One approach to overcoming, or at least easing, the complexity of judging individual cases is the use of metrics or statistical calculations to measure impact or influence. This has been an area of increasing interest even with traditional publications. This measure of impact is often represented by a statistical measure such as the ‘h-index’, which is based upon bibliometric calculations of citations using a specific set of publisher databases. This measure seeks to identify references to one publication within another giving ‘an estimate of the importance, significance, and broad impact of a scientist's cumulative research contributions’ (Hirsch, 2005). Promising though this may sound it is a system that can be cheated, or gamed (Falagas and Alexiou, 2008), for instance, by authors referencing previous papers or between groups, and so a continual cycle of detecting such behaviours and then eliminating them is entered into, rather akin to the battle fought between computer-virus makers and antivirus software. The Research Excellence Framework (REF) examined the potential of using such measures as a part of the assessment process and found that currently available systems and data were ‘not sufficiently robust to be used formulaically or as a primary indicator of quality; but there is considerable scope for it to inform and enhance the process of expert review’ (HEFCE, 2010).
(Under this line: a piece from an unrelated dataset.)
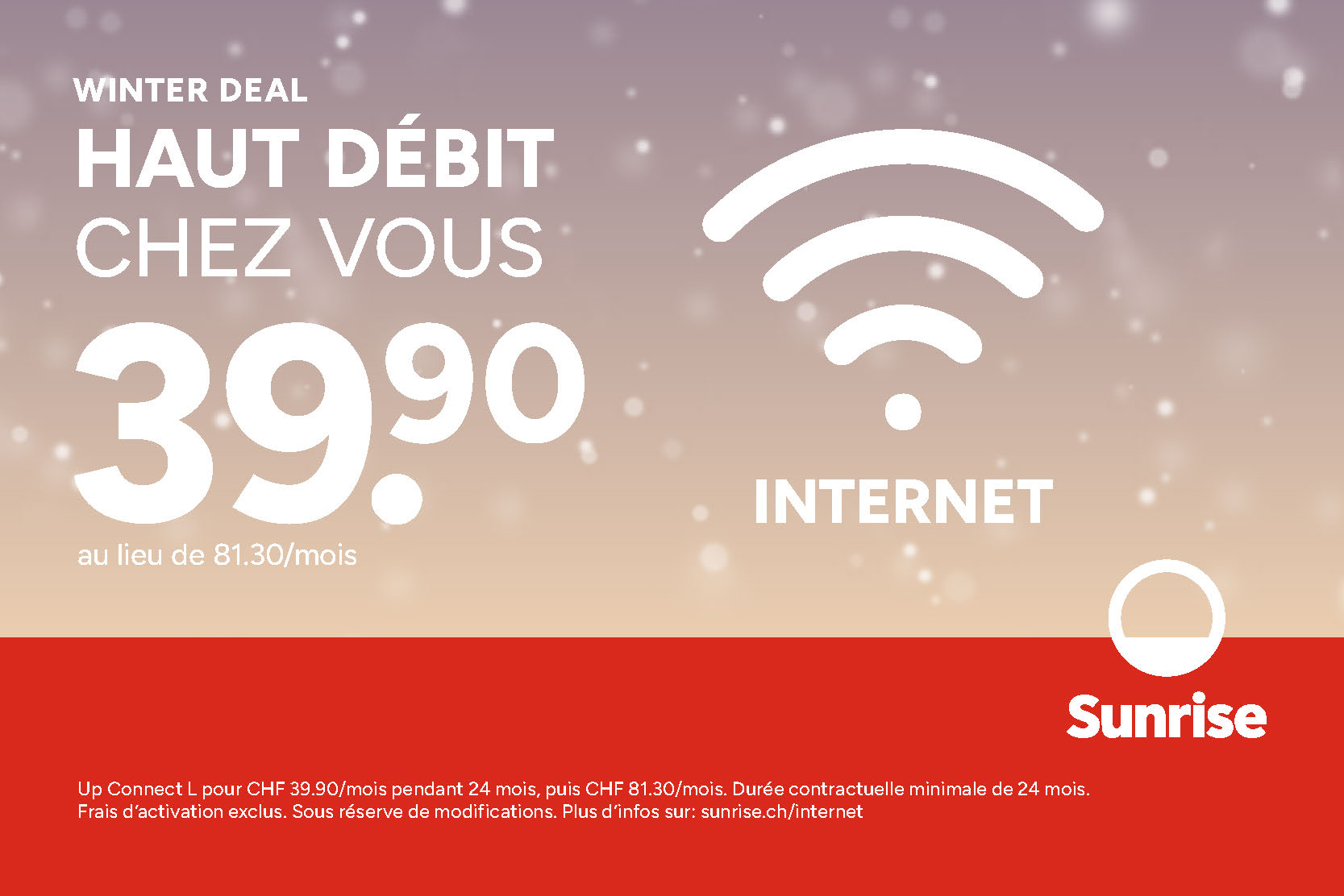 Haut débit chez vous avec 50% de rabais: 39.90 au lieu de 81.30 pendant 2 ans!

There are at least three further degrees of separation from this walled garden approach to citations. The first is to use data outside of a proprietary database as a measure of an article's impact. This ‘webometrics’ approach was identified early on as offering potential to get richer information about the use of an article, by analysing the links to an article, downloads from a server and citations across the web (e.g. Marek and Valauskas, 2002). Cronin et al. (1998) argue that this data could ‘give substance to modes of influence which have historically been backgrounded in narratives of science’.
The next step is to broaden this webometrics approach to include the more social, Web 2.0 tools. This covers references to articles in social networks such as Twitter and blogs, social bookmarking tools such as CiteULike and recommendation tools such as Digg (Patterson, 2009). This recognises that a good deal of academic discourse now takes place outside of the formal journal, and there is a wealth of data that can add to the overall representation of an article's influence.
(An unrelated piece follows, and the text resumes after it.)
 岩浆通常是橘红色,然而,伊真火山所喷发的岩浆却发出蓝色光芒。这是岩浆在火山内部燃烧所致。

The ease of participation, which is a key characteristic of these tools, also makes them even more subject to potential gaming. As Priem and Hemminger (2010) report, there are services which can attempt to increase the references from services such as Digg to a site (or article) for a fee. But they are reasonably optimistic that gaming can be controlled, proposing that ‘one particular virtue of an approach examining multiple social media ecosystems is that data from different sources could be cross-calibrated, exposing suspicious patterns invisible in single source’.
A more radical move away from the citation work that has been conducted so far is to extend metrics to outputs beyond the academic article. A digital scholar is likely to have a distributed online identity, all of which can be seen to represent factors such as reputation, impact, influence and productivity. Establishing a digital scholar footprint across these services is problematic because people will use different tools, so the standard unit of the scholarly article is lacking. Nevertheless one could begin to establish a representation of scholarly activity by analysing data from a number of sites, such as the individual's blog, Twitter, Slideshare and YouTube accounts, and then also using the webometrics approach to analyse the references to these outputs from elsewhere. A number of existing tools seek to perform this function for blogs; for example, PostRank tracks the conversation around blog posts, including comments, Twitter links and delicious bookmarks. These metrics are not without their problems and achieving a robust measure is still some way off, but there is a wealth of data now available which can add to the overall case an individual makes.